CHORUS Solidarity forever!/ Solidarity forever!/ Solidarity forever!/ But the Union makes us strong.

It is we who plowed the prairies; built the cities where they trade./ Dug the mines and built the workshops; endless miles of railroad laid./ Now we stand, outcast and starving, 'mid the wonders we have made;/ But the Union makes us strong. (Chorus)

They have taken untold millions that they never toiled to earn./ But without our brain and muscle not a single wheel can turn./ We can break their haughty power; gain our freedom when we learn/ That the Union makes us strong. (Chorus)

In our hands is placed a power greater than their hoarded gold;/ Greater than the might of armies, magnified a thousandfold./ We can bring to birth the new world from the ashes of the old,/ For the Union makes us strong. (Chorus)

There is too much to do this morning to finish this contribution with the lyrics to all the songs, but they are available, along with others not in this collection, and it's good people are singing them again, and remembering them.



Comments:

September 3, 2018 at 10:34 PM

By: Susan Ohanian

Labor Day Songs

Thanks for the songs, George!

Woody Guthrie wrote about Trump bigotry.

"Old Man Trump," ~1950

I suppose

Old Man Trump knows

Just how much

Racial Hate

He stirred up

In the bloodpot of human hearts

When he drawed

That color line

Here at his

Eighteen hundred family project

—Woody Guthrie, “Old Man Trump,” ~1950

September 6, 2018 at 1:03 AM

By: john kugler

just the working life

Factory by Bruce Springsteen

Early in the morning factory whistle blows

Man rises from bed and puts on his clothes

Man takes his lunch, walks out in the morning light

It's the working, the working, just the working life

Through the mansions of fear, through the mansions of pain

I see my daddy walking through them factory gates in the rain

Factory takes his hearing, factory gives him life

The working, the working, just the working life

End of the day, factory whistle cries

Men walk through these gates with death in their eyes

And you just better believe, boy

Somebody's gonna get hurt tonight

It's the working, the working, just the working life

Oh it's the working, the working, just the working life

Uh hmm hmm hmm hmm hmm

Uh hmm hmm hmm hmm hmm

Uh hmm hmm hmm hmm hmm

Uh hmm hmm hmm hmm hmm

(Darkness on the Edge of Town is the fourth studio album by Bruce Springsteen, released on June 2, 1978))

September 6, 2018 at 3:05 PM

By: John Whitfield

SONGS OF WORK AND PROTEST

www.youtube.com/playlist?list=PLA-J41eNMNp6jlFlBXIQpLoIjzGw8Avpn

September 17, 2018 at 5:06 PM

By: Rhonda McLeod

George is a hero

This is to say I and so many will miss George's voice and strength.
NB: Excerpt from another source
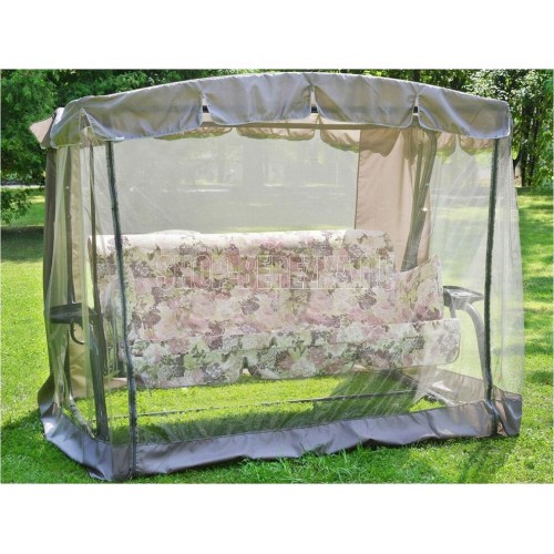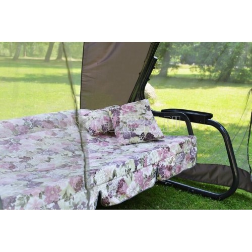 Максимальная нагрузка, кг: 280. Каркас: труба стальная O 51х1,4мм; полимерное покрытие; полка - 2 шт. Мягкий элемент: ткань 40% п/э 60% хлопок, плотность 220-230 г/м2, наполнитель мягкого элемента поролон (толщиной 80 мм). Увеличенная высота спинки сиденья. Наполнитель подголовника – формовой поролон. Подушки – 2шт. (наполнитель – синтепон). Тент: ткань с водоотталкивающей отделкой 100% п/э плотность 125-130г/м2, с противомоскитной сеткой (полотно гардинное основовязаное 100% п/э плотность 39г/м2) - фиксация сетки на тканевом тенте осуществляется с помощью горизонтальных и вертикальных застежек – «молний». Регулировка спинки: осуществляется звеньями цепи на требуемый угол наклона, с возможностью фиксации в разложенном положении.

His fight will continue and his family will be strong. Thanks for sharing the road with us.

September 17, 2018 at 10:15 PM

By: john

Has anybody here seen my old friend?

https://www.youtube.com/watch?v=f29_mQI9K6U&list=PLA-J41eNMNp6jlFlBXIQpLoIjzGw8Avpn

September 18, 2018 at 6:02 PM

By: Jean Schwab

George

In many ways George was God's servant calling out good and bad. We have so much to thank him for and hope that some day another person like him will appear.